Step two: Use a calculator. Divide the ten-year cost by ten thousand, then by ten. The result is the average annual percentage drag. Bright Start and my529 sit near 1.5 basis points per year, while high-fee plans creep past forty.

Step three: Make an even comparison. Match similar stock-bond mixes; a conservative track will always look cheaper because it holds more bonds. If you want a 90/10 stock-bond split, compare that slice across plans.

Step four: Check the PDF date. Fees fall quickly in this space, and a fresh update can mean extra savings. If a cheaper plan cuts costs next quarter, remember that IRS rules allow one rollover per twelve-month period without tax friction.

Do the quick math, pick the plan with the lowest drag, and move forward. College deadlines will not wait for spreadsheet perfection.

New Rules That Make 529s Even Safer

Recent legislation solved two common worries: “Will grandparent gifts hurt our aid?” and “What if my child never uses the money?” Short answer: both concerns are now outdated.

The FAFSA Simplification Act, fully in effect for the 2024–2025 school year, no longer counts grandparent-owned 529 withdrawals as student income. A grandparent can pay next semester’s bill from a separate 529, and the aid formula stays unchanged. That opens the door to multi-generational funding without timing tricks.

SECURE 2.0 added another safety valve. Starting in 2024, up to $35,000 of leftover 529 assets can move into the beneficiary’s Roth IRA, tax- and penalty-free, provided the 529 has been open 15 years and you stay within the annual Roth limit. It is a head start on retirement if scholarships or life choices leave unused tuition cash.

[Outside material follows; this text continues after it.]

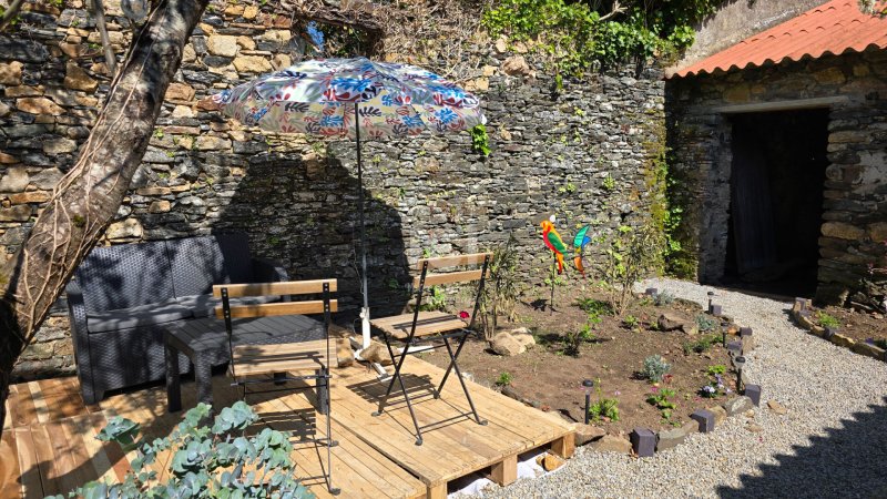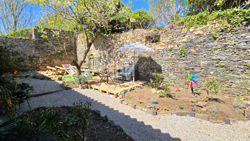 Agréable jardin sans vis à vis entouré de murs de pierre

Earlier perks remain: a $10,000 lifetime student-loan payoff and up to $10,000 per year for K–12 tuition. Together, these changes make 529s more flexible than ever. You can fund confidently, knowing the money will help your child somewhere along the education-to-retirement path.

Conclusion

Choosing an out-of-state 529 is about matching a plan’s strengths to your timeline and tax picture. New Hampshire’s lack of a state income tax frees you to shop nationally for the lowest fees and the strongest investment menus rather than chase an in-state deduction. Weigh expense ratios, age-based portfolio quality, and how easily you can adjust as your child nears college, then open the plan that fits your family’s goals — and revisit it as those goals change.